TASK TO COMPLETE => In your copy, leave out the pictures and repeat every record exactly.

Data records
□ □ □ □ □

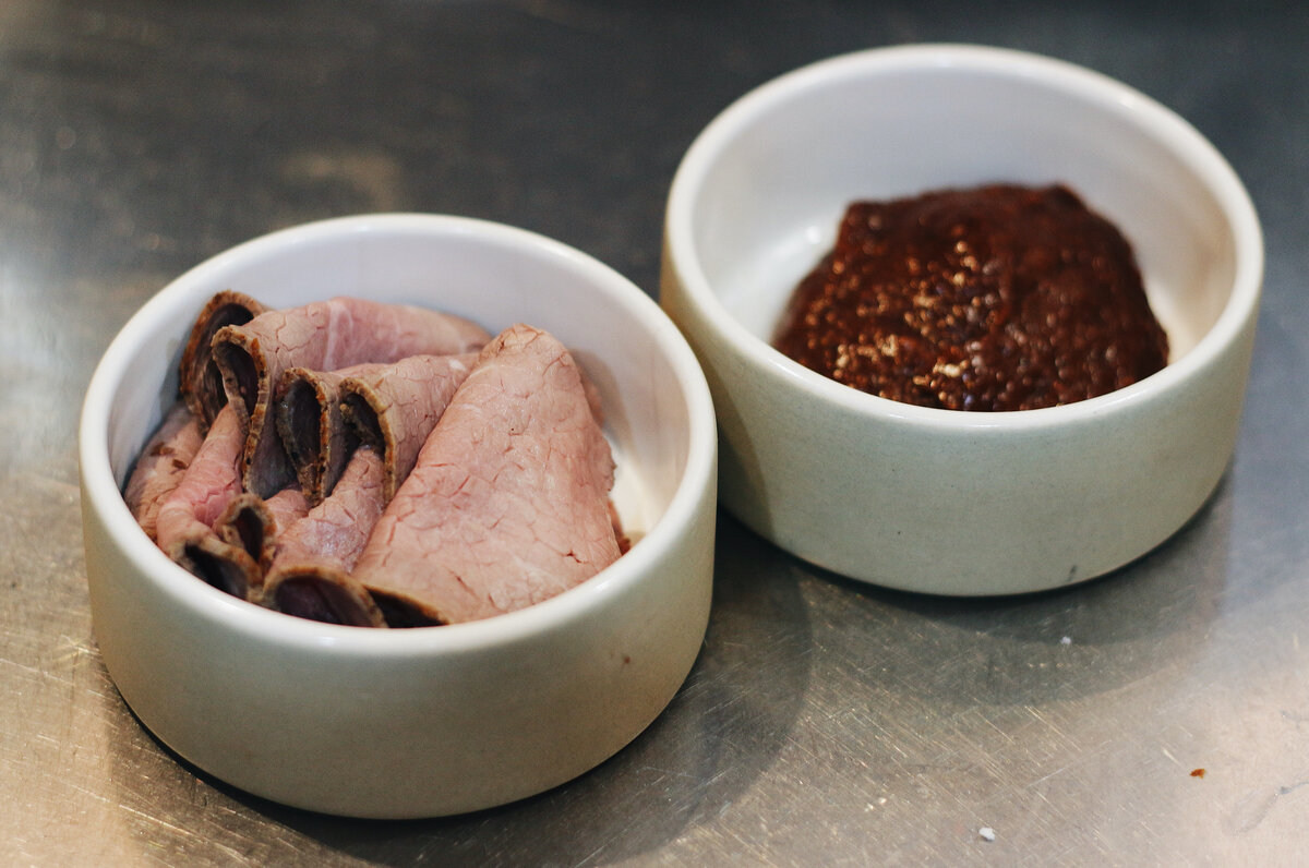РЕЦЕПТ ПРИГОТОВЛЕНИЯ ОТ ШЕФ-ПОВАРА МАКСИМА КЛЫКОВА - БРЕНД-ШЕФ КОРНЕРА "FARRO PASTA BAR" НА ГАСТРОНОМИЧЕСКОЙ УЛИЦЕ STREAT 2 порции | 640 гр | 253 ккал на 100гр Ингредиенты: Спагетти черные – 125 гр Ростбиф слайсами – 50 гр Сливки 33% – 30 мл Куриный бульон – 60 мл Для соуса: Чеснок – 100 гр Лук шалот – 100 гр Черный перец – 20 гр Соевый соус- 100 гр Чеснок, лук шалот, соевый соус пробиваем в блендере до однородной консистенции. 1 этап · Вылить соус в холодную сковородку, добавить немного воды и размещать соус до однородной консистенции 2 этап · Вскипятить воду в сотейнике · Опустить пасту в воду · Варить 1 минуту 20 секунд, непрерывно помешивая 3 этап · Добавить отваренную пасту в соус с ингредиентами · Дать ей немного провариться в соусе, в конце добавить ростбиф и перемешать 4 этап · Выложить пасту на тарелку ПРИЯТНОГО АППЕТИТА!
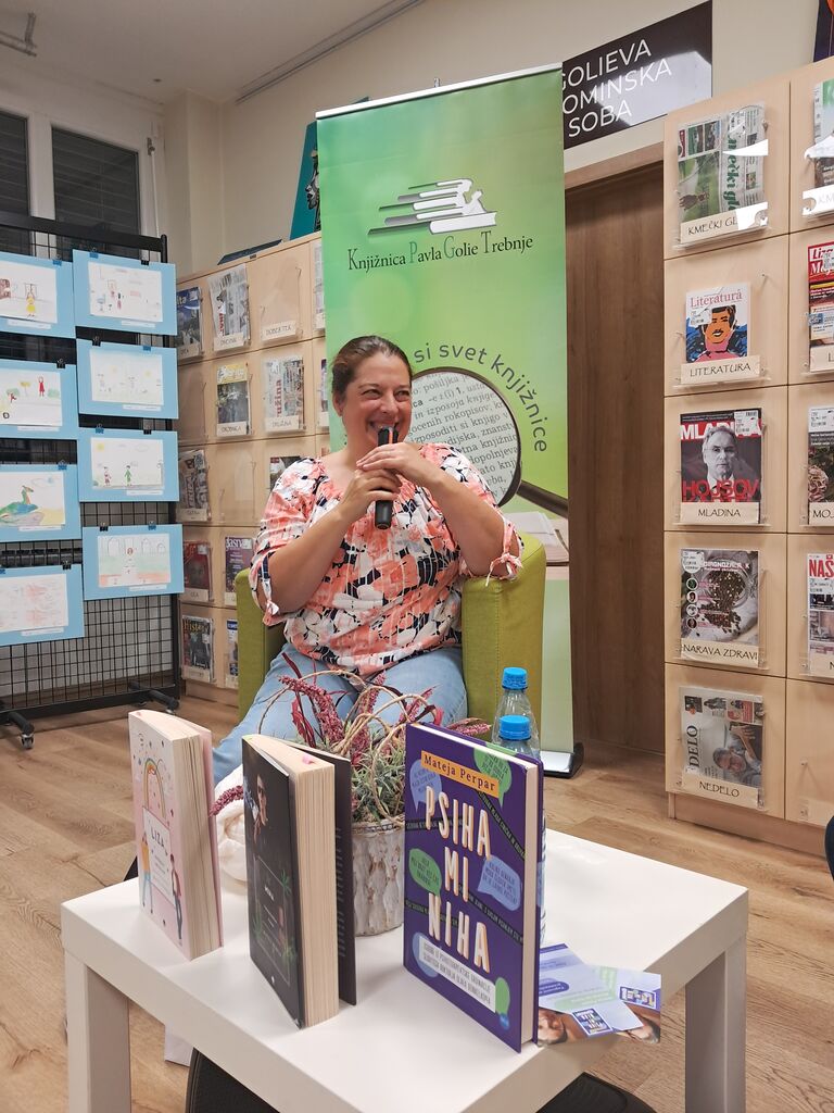 V Osrednji knjižnici Trebnje so v petek, 10. oktobra 2025, pripravili zanimiv pogovorni večer s predstavitvijo knjige Psiha mi niha. V sodelovanju z literarno sekcijo Društva Praetorium Latobicorum so gostili avtorico Matejo Perpar, s katero se je pogovarjal Luka Bregar.
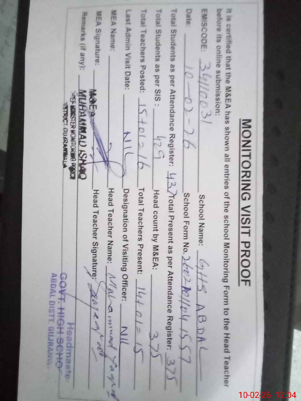 | EMIS Code: 34110031 | Name of School: GHS ABDAL | |||
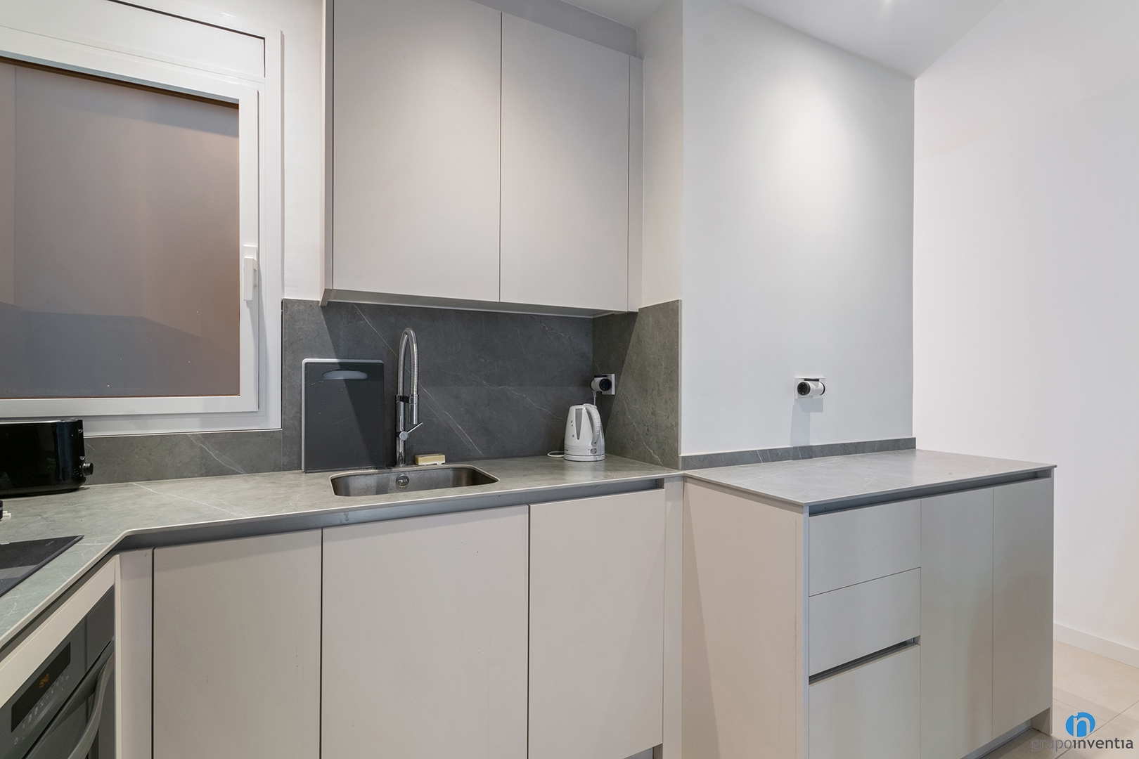 En el siguiente tramo de encimera hemos instalado el fregadero y también hay espacio para colocar pequeños electrodomésticos. La siguiente encimera está destinada a superficie de apoyo y de trabajo. Además, amplia el almacenaje de esta reforma de cocina con varios cajones y armarios.
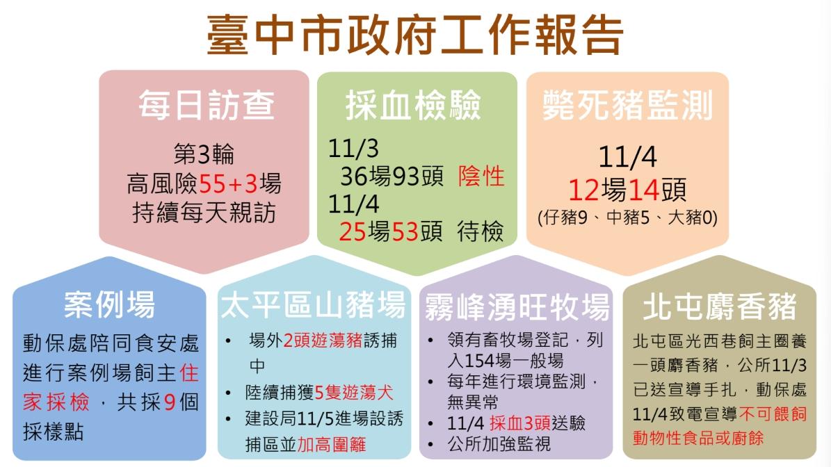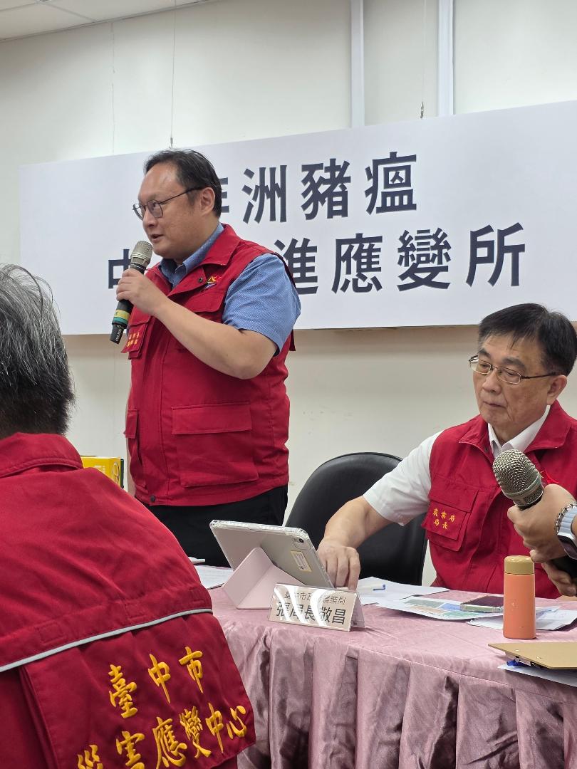 副市長鄭照新針對市府各防疫作為補充說明,肉品市場、屠宰場、焚化廠化製設備加強同步清消;每日訪視豬場及化製跟車採樣檢驗結果皆陰性、活豬抽檢38頭均陰性,熟廚餘共324噸均送焚化廠,100%焚化發電零掩埋,案場住家環境完成採樣送檢,並納管19頭以下豬場。

□ □ □ □ □

OUTPUT OF THE EXERCISE =>
РЕЦЕПТ ПРИГОТОВЛЕНИЯ ОТ ШЕФ-ПОВАРА МАКСИМА КЛЫКОВА - БРЕНД-ШЕФ КОРНЕРА "FARRO PASTA BAR" НА ГАСТРОНОМИЧЕСКОЙ УЛИЦЕ STREAT 2 порции | 640 гр | 253 ккал на 100гр Ингредиенты: Спагетти черные – 125 гр Ростбиф слайсами – 50 гр Сливки 33% – 30 мл Куриный бульон – 60 мл Для соуса: Чеснок – 100 гр Лук шалот – 100 гр Черный перец – 20 гр Соевый соус- 100 гр Чеснок, лук шалот, соевый соус пробиваем в блендере до однородной консистенции. 1 этап · Вылить соус в холодную сковородку, добавить немного воды и размещать соус до однородной консистенции 2 этап · Вскипятить воду в сотейнике · Опустить пасту в воду · Варить 1 минуту 20 секунд, непрерывно помешивая 3 этап · Добавить отваренную пасту в соус с ингредиентами · Дать ей немного провариться в соусе, в конце добавить ростбиф и перемешать 4 этап · Выложить пасту на тарелку ПРИЯТНОГО АППЕТИТА!
 V Osrednji knjižnici Trebnje so v petek, 10. oktobra 2025, pripravili zanimiv pogovorni večer s predstavitvijo knjige Psiha mi niha. V sodelovanju z literarno sekcijo Društva Praetorium Latobicorum so gostili avtorico Matejo Perpar, s katero se je pogovarjal Luka Bregar.
 | EMIS Code: 34110031 | Name of School: GHS ABDAL | |||
 En el siguiente tramo de encimera hemos instalado el fregadero y también hay espacio para colocar pequeños electrodomésticos. La siguiente encimera está destinada a superficie de apoyo y de trabajo. Además, amplia el almacenaje de esta reforma de cocina con varios cajones y armarios.
 副市長鄭照新針對市府各防疫作為補充說明,肉品市場、屠宰場、焚化廠化製設備加強同步清消;每日訪視豬場及化製跟車採樣檢驗結果皆陰性、活豬抽檢38頭均陰性,熟廚餘共324噸均送焚化廠,100%焚化發電零掩埋,案場住家環境完成採樣送檢,並納管19頭以下豬場。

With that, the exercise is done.